I have been working on dampening my truck before installing the new equipment. I "was" trying to decide if Overkill Pro would be worth the extra money and effort. You just convinced me it will be.

I am using Dynamat Extreme (got it for dealer cost when I suggested putting off buying amps until I could find a better price on dampening material ). It has the same specs as Damplifier Pro. Subjectively, it has reduced almost as much sound by itself as all of the old carpet, padding, and interior panels that were in the truck before. I am still amazed. It does have trouble with the lower frequencies, however. Most notably on large sections of unbraced sheet metal (of course). I drive a full size chevy blazer so there is a lot of sheet metal. The worst area for me is the cargo area floor. I may end up bonding a 1/4 inch sheet of plywood to it before installing carpet. Preventing the metal from flexing is the only way I can think of to reduce low frequency noise and dampening material will not do the job over large areas.
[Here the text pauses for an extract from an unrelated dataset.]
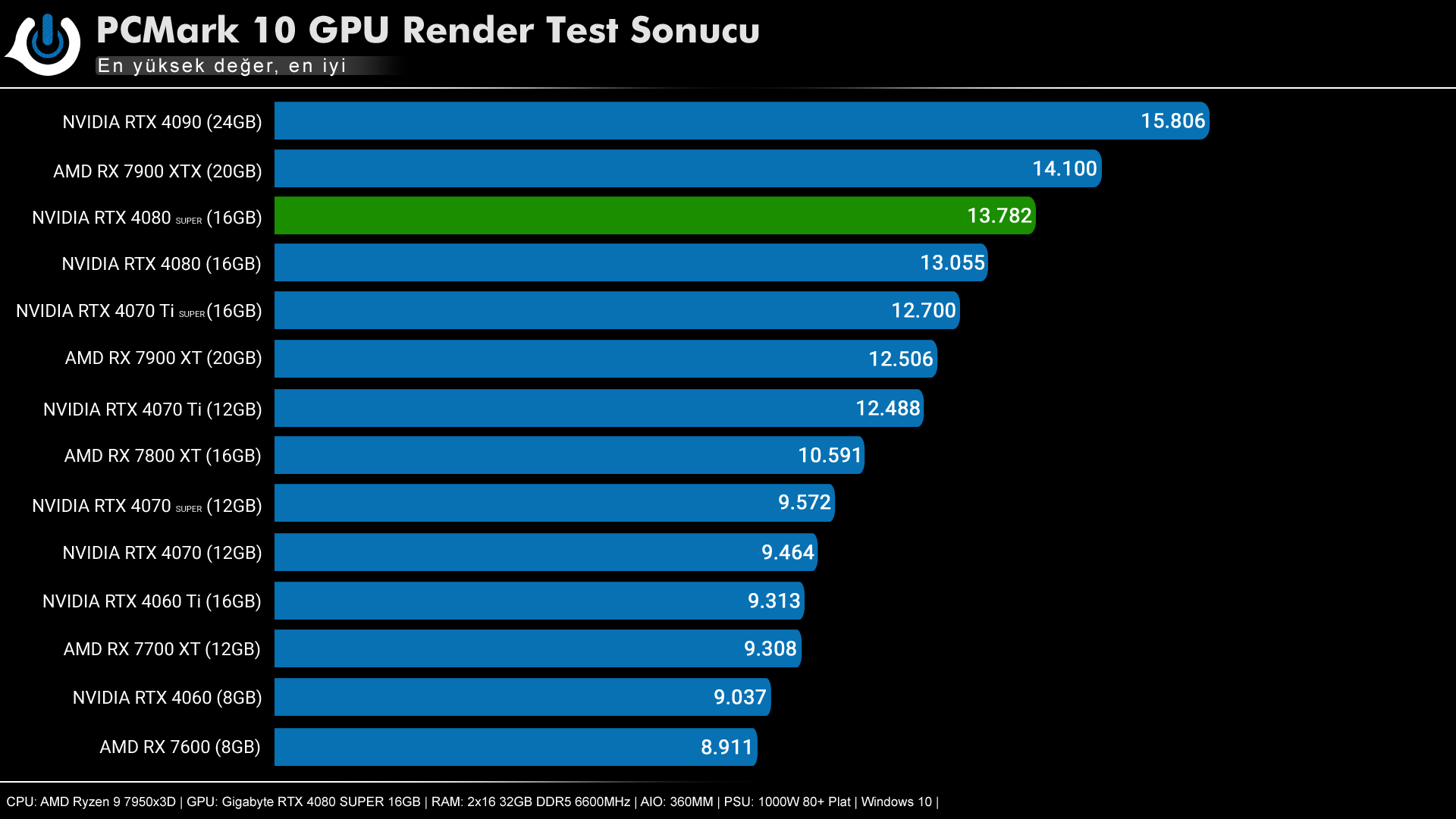 13.782 skorunu alıyor. RTX 4080 modeliyle aradaki fark biraz daha artıyor. Ama yine arada uçurum olmadığının altını çizmiş olalım. Ayrı testlerde RTX 4080 modelinin elde etmiş olduğu

Thanks for the review (and the quality site in general)


----------



## zfactor (Oct 19, 2005)

great write up man.. nice little test there.. maybe deadening companies will take note lol...


----------



## POLKAT (Jan 10, 2007)

Bang for the buck, would you go with Raamat or Second Skin? No offense to Rick as I think his products are great. I am getting ready to deaden my Trailblazer's doors and seeing this review makes me wonder if I should go with Second Skin instead.


----------



## Whiterabbit (May 26, 2006)

bang for the buck, you cant beat raammat


----------



## dbiegel (Oct 15, 2006)

If someone is willing to do a comparative review of RaamMat, Dynamat Extreme, and Second Skin with that accelerometer, I think that would be a breakthrough in information for the car audio community. Right now, there's no real objective information out there on the sound deadening effects of these different products.


----------



## zfactor (Oct 19, 2005)

POLKAT said:


> Bang for the buck, would you go with Raamat or Second Skin? No offense to Rick as I think his products are great. I am getting ready to deaden my Trailblazer's doors and seeing this review makes me wonder if I should go with Second Skin instead.


they are both excellent products. ive used both and also dyn extreme. its hard to say which i liked best they all had positives and there negatives though. i will say if you spend the money you simply cant go wring with dyn extreme, but the best bang for the buck imo is prob raamat. with second skin being right in the middle.. all three are top notch and you wouldnt go wrong buying any of them


----------



## ErinH (Feb 14, 2007)

I already have 3 layers of 2nd skin. I just ordered a little bit of BXT & some Ensolite from Rick (great guy BTW). I'm curious to see the results of the ensolite more than anything.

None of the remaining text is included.